A esta terra podia Shakespeare ter dedicado o verso “Green are the fields”. Verde é tudo o que nos rodeia. O conversível verde, um Lagonda original dos anos 30, acelera por entre os campos verdes. Derrapa nas curvas molhadas em direção a Chipping, a aldeia mais próxima, construída em pedra tosca, emoldurada por árvores centenárias, verdes e recentemente eleita uma das três mais belas localidades do countryside inglês no concurso anual “Best Kept Village Competition”.

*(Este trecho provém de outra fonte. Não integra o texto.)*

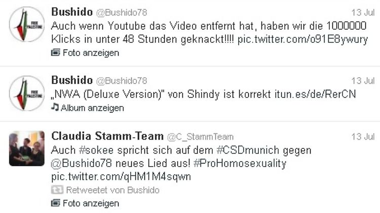 Das Video, das von Bushido offiziell eingestellt wurde, ist inzwischen gesperrt worden. Aber natürlich kann das Video von anderen Personen und auch unter Missachtung der Nutzungsbedingungen eingestellt werden. Das Problem ist: Bei der Vielzahl von Videos kommt Youtube mit der Kontrolle und dem Löschen kaum noch nach.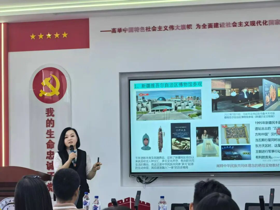 李林琳老师围绕其在新疆师范大学的培训经历,以“民族地区意识形态安全”“铸牢中华民族共同体意识”为核心议题,从“学科建设体系化”“教学实践本土化”“科研创新聚焦化”三个维度展开分享。

Ribble Valley, um lugar encantado; eu estive aqui!


Toda a região do Ribble Valley, em Lancashire, a menos de uma hora de carro do aeroporto de Manchester, se estende em tons esverdeados e toda ela, para onde quer que se olhe, está conservada com rigor vitoriano. 

Verde de susto está também o passageiro que acompanha a destemida motorista, Janet Simpson, proprietária do hotel rural Gibbon Bridge. À entrada da vila, a motorista freia, dá uma guinada ao volante e o carro desliza perigosamente sobre a calçada esverdeada de musgo até ao muro do velho edifício bem em frente à porta do pub. Com o reflexo de um airbag, o carona apoiou as mãos no console de madeira com laca do velho Lagonda evitando uma colisão de terceiro grau entre a ponta do nariz e o pequeno pára-brisas. No balcão, enfim, a cor muda para o negro da cerveja Back Sheep. Depois de vários points, já de espírito relaxado, revive-se o passado em Lancashire, mesmo que só o assimilado pela leitura, e compara-se com o presente vivido ao longo de dias tranquilos e muito british. Tudo o que é inglês enquadra-se na perfeição da moldura destas paisagens: o espírito chá, scones e aventura de Enid Blynton, as séries com veterinários, as personagens de Conan Doyle, as aventuras de colégio, as lendas druidas, os épicos históricos ou os dramas aristocráticos. Mas tudo com a sonoridade saudavelmente campestre e inconfundível do Lancashire accent.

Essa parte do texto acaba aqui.